»»

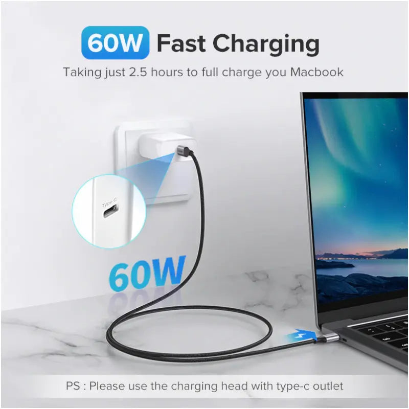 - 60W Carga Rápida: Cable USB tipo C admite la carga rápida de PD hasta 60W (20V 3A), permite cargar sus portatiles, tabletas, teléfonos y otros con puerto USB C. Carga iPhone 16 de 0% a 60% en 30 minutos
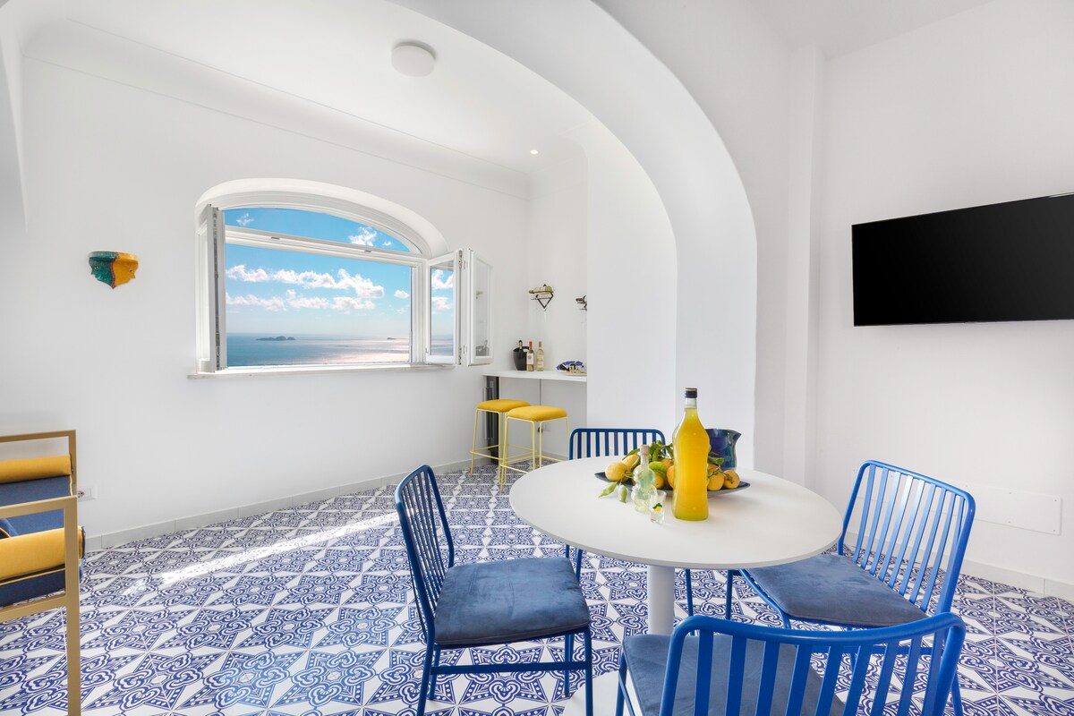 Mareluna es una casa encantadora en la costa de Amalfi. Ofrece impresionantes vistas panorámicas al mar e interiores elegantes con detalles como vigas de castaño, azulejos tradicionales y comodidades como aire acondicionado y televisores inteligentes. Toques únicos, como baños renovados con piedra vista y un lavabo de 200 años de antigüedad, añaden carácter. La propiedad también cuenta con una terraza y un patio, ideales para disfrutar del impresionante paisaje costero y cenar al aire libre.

««
»»

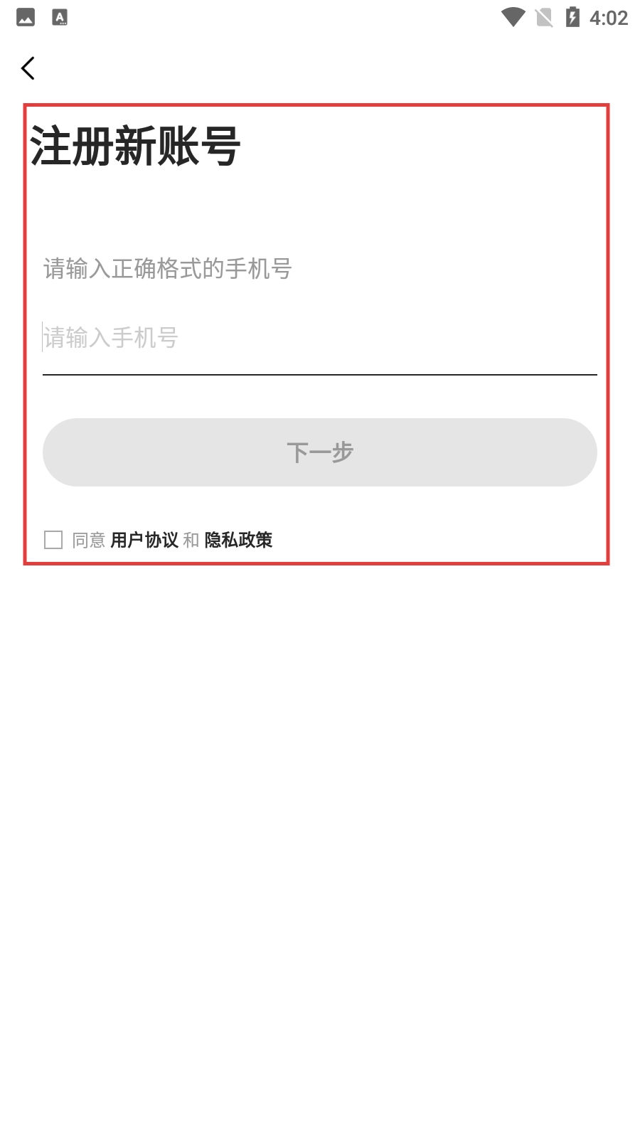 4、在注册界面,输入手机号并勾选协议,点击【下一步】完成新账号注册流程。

««

TRY IT: Please set down, exactly and with no pictures, the lines in the entries above starting at the one holding "- 60W Carga" and ending at the one holding "Mareluna es una", ends included.

SOLUTION FOR THIS PROBLEM:
 - 60W Carga Rápida: Cable USB tipo C admite la carga rápida de PD hasta 60W (20V 3A), permite cargar sus portatiles, tabletas, teléfonos y otros con puerto USB C. Carga iPhone 16 de 0% a 60% en 30 minutos
 Mareluna es una casa encantadora en la costa de Amalfi. Ofrece impresionantes vistas panorámicas al mar e interiores elegantes con detalles como vigas de castaño, azulejos tradicionales y comodidades como aire acondicionado y televisores inteligentes. Toques únicos, como baños renovados con piedra vista y un lavabo de 200 años de antigüedad, añaden carácter. La propiedad también cuenta con una terraza y un patio, ideales para disfrutar del impresionante paisaje costero y cenar al aire libre.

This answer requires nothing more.